While a king tide is in effect and it’s raining, it’s not necessarily stormy, so places like the Spouting Horn and Boiler Bay here in Depoe Bay are not spitting and roaring. While the raucous ocean we love to witness is relatively calm today, the dark green color carries its own intrigue.

Caroline Wise at The Kite Company in Newport, Oregon

Over the previous days, Caroline’s attempts to bring her pocket kite aloft were met with mixed results. She was never quite happy with how things were going. Earlier today, while in Tillamook, I was assured that the shopping aspect of this vacation was finished, in large part due to the most expensive candle we’ve ever purchased, though it’s a cute one. This little candle sits in a glass bottle shaped like an old-fashioned milk bottle, albeit a small one about the size of venti coffee. The scent is listed as Trees of Tillamook, and it cost us $33. Getting home, the smell might be better compared to Pine Sol. Okay, back to The Kite Company in Newport, Oregon, a young woman, upon listening to Caroline’s sad story about her sad kite, took her over to what would become her new kite. I tried insisting it would never fit in our bags, but when she started crying, I had to relent while informing her I’d just have to throw away my underwear to make space.

Brays Point in Yachats, Oregon

Maybe it was due to the large breakfast, breakfast dessert, and the pastries, but somehow, we skipped lunch, which worked out in our favor as we were able to take a late lunch/early dinner at Ona in Yachats. This being our third and final visit of this vacation, we revisited those things that quickly became favorites, such as the smoked Maitake mushroom pâté, beet salad, and the seafood pasta in saffron cream sauce.

Heceta Head Lighthouse in Florence, Oregon

We left before we gave into dessert, as one dessert a day is all that’s allowed, even on vacation. What we can never have too much of, though, are lighthouses, and with this one at Heceta Head and the one we’ll be staying next to near Winchester Bay, we make do with the eye sweets.

Umpqua Lighthouse in Reedsport, Oregon

We reached our yurt, made our bed that will certainly be the coziest ever, and headed over to our favorite lighthouse on the Oregon coast.

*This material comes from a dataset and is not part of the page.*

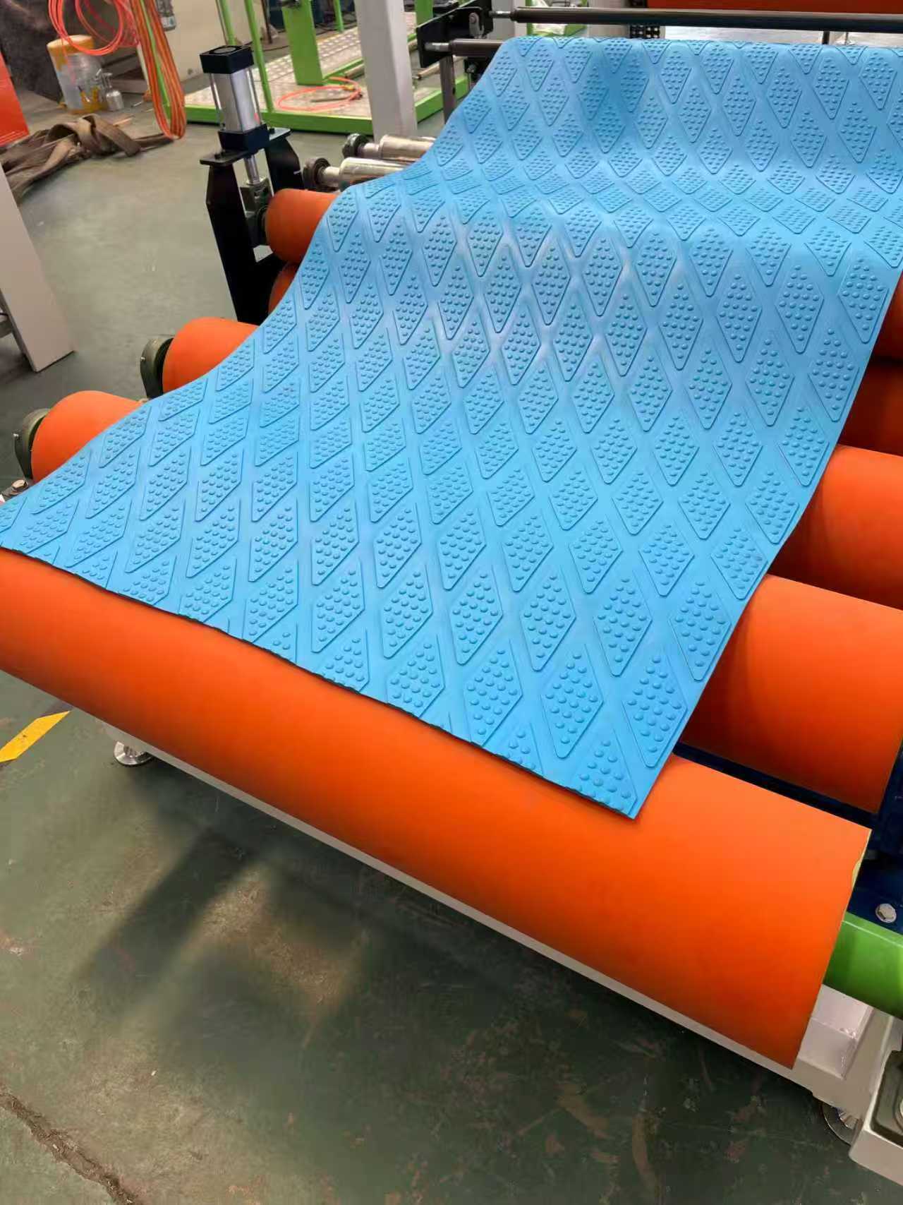 La ligne de production de tapis de sol composites à substrat textile ou TPE +, développée indépendamment par Oriental Star, est une ligne de production de pointe pour les matériaux d'intérieur automobile. Cet équipement utilise une vis PTE spécialement conçue pour une plastification uniforme. Combiné à un processus composite unique, le produit résultant présente une forte adhérence, une déformation en traction nulle et est sans formaldéhyde. Cet équipement a été adopté par de nombreux fabricants et fournisseurs nationaux et internationaux de tapis de sol de marques automobiles, et a été exporté vers des pays tels que la Corée du Sud, le Japon et l'Égypte.

Why this one? The red and white light pattern is the answer. When we first visited Umpqua, I thought the lighting configuration was something special for the holidays, so its festive display instantly became a favorite. I’m sure Caroline knew that this kind of red/white signal was something normal as she knows everything, but it was magic to me, especially how the silently turning fresnel lens throws spotlights on the surrounding forest behind the towering beacon.

Falling rain, short days, cold weather, all the makings for prodding one to an early sleep. Instead, we fell into conversation and talked away the void of nothing to do. Caroline had finished my socks and I wasn’t feeling the compulsion to write. The rain continued as it mostly had for the previous 11 hours, but this only added to the comfort of being in a yurt, as nothing sounds as nice at night as the pitter-patter of raindrops hitting the canvas.